Electing America
It’s electing the America you want time. I want Barack Obama to be Prez, but more on this later. This moment the concern is Republican running-mate to John McCain, Alaskan Sarah Palin. US liberals, and their European fellow-travellers, have apparently, gone “berserk” about her. To Nick Cohen they have poured supercilious scorn on her Hillbilly faith, and show “sexual disgust” for the ‘hockey mom’. Ugg. http://www.guardian.co.uk/commentisfree/2008/sep/07/uselections2008.republicans2008 Well I suppose I’m not a lone figure but I’d like a lot more disgust. That woman is the kind who, when her own mother visits, charges her full board and lodging. Frankly the Republicans have gone for broke in selecting a Christianist on their ticket. If they win McCain will preside over exactly the kind of regime that will bolster the super in any lefty’s -ciliousness. And, no Dave Osler, even the masochist in me doesn’t fancy her at all.
No doubt this will go through the wash as the world’s news media covers this election to saturation point. The cultural cringe that leads these folk to ape US expressions, such as “you guys” (which manages the feat of being both sexist and banal), and weighs down their prose with the leaden (redundant in English) participle ‘gotten’, are but signs of a deeply boring interest in everything political-US. Instead of the wit of Buffy-speak and the Simpsons we get the Mayor of Houndstown. on the mortgage crisis and the greatness of the American Dream
Not that we should sneer too much. Ralph Waldo Emerson wrote in 1856 of a land of people of “invincible stoutness”, “saving stupidity”, and “insular limitation”. Life there was ruled by business, “political economy”. Everyone had a bombastic “good opinion” of the country. The essay was called English Traits It makes you wonder if there’s a meme to explore here: each imperial hegemon reproduces the same characteristics. .
What really is at stake in the Presidential elections is US exit strategy from Iraq and the international role of the US. Both candidates claim to offer a new start. Obama promises to withdraw. McCain talks of this “with honour”. But he remains wedded to such interventions. Jeffery Goldberg writes, “Nothing in his experience, recent or not-so-recent, has moved him away from his essential belief that the president has a duty to confront perceived threats well before they reach American shores.” http://www.theatlantic.com/doc/200810/mccain/5 McCain could therefore militarily menace Iran. He builds on Phillip Bobbitt’s idea (Terror and Consent. 2008) of “preclusion” (preventing hostile states acquiring weapons of mass destruction) and the war against terrorism. Any President will, obviously, try to maintain US global dominance. Some veer to co-operation (liberals and pro-Americans’ preference) others to unilateralism; a choice not really about policies, but essentially between politeness and rudeness. What marks McCain out is that by these views he has not clearly renounced the type of catastrophic adventures of the Bush years.

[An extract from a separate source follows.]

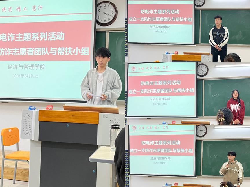 成立一支防诈骗志愿者团队与帮扶小组:为了加强诈骗预防工作,保护师生财产安全,3月21日下午三点永利集团304am登录于一教204选拔防诈志愿者团队与帮扶小组成员,该活动由李茹老师主持。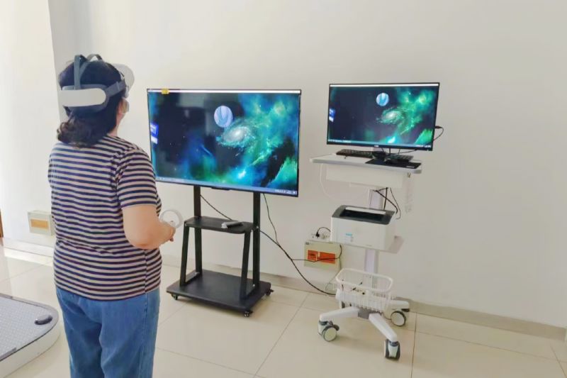 近日,延安大学咸阳医院脑血管病院眩晕门诊引进了咸阳地区首台VR前庭康复训练仪,采用虚拟现实技术使前庭康复训练的模块多样化,促进前庭平衡功能康复,可谓眩晕患者的治疗利器,也填补了我市前庭康复的技术空白。

Some are so sickened by the amoral cheer-leading for Islamicists by a minority of the anti-war movement that they have forgotten what a disaster the invasion and occupation of Iraq has been. That is, the horrendous death-toll, by occupiers and sectarian killers, the sheer misery faced by millions of Iraqis, and the legacy of organised thieving, Western-led, carried out under the Allies’ disaster capitalism. Across the planet the blood-stained forces of Islamic reaction have been strengthened. The justifications for toppling the Baathists, that it would replace Saddam’s tyranny with a solid legal structure and civil society, have unravelled. There is a parody of democracy, dominated by kleptocrats and religious-ethnic factionalism, better able to serve global corporations than its own people.
It is unlikely that Obama will resolve these problems – how could he? Nor that McCain will be more than marginally worse in organising a pull-out. The important point is what conclusions they draw for the future: to continue ‘preclusion’ or drop it.
Why back Obama then? Every time I hear Republicans say that he is “not ready” for political power, like some English toff talking about the natives in Colonial times, my hackles rise. I would like to see Obama elected because of his ethnic background. Tough luck if that’s identity politics.
Nuke Matgamna said,
September 14, 2008 at 7:42 am
Just thought I’d ask: What do you think of the Matgamna Doctrine?
Andrew Coates said,
September 14, 2008 at 9:54 am
Matgamna Doctrine? Please Clarify.
Historical Note: the Tendance Coatesite Internationale is founded on the founding documents of the Tendance Marxiste Revolutionnaire, its French wing, the Alliance Marxiste Revolutionnaire, and the decisions of its World Congresses. To my knowledge it took no position on Sachtmanism or indeed even (like 99,9% of the European left) registered its existence.
voltairespriest said,
September 14, 2008 at 10:02 am
Andrew;
“Nuke” is a very, very dull one-trick pony. If you’d written a post about cookery, his first comment would still have been something about the AWL. I wouldn’t be surprised if he has a picture of Sean Matgamna on his bedroom ceiling.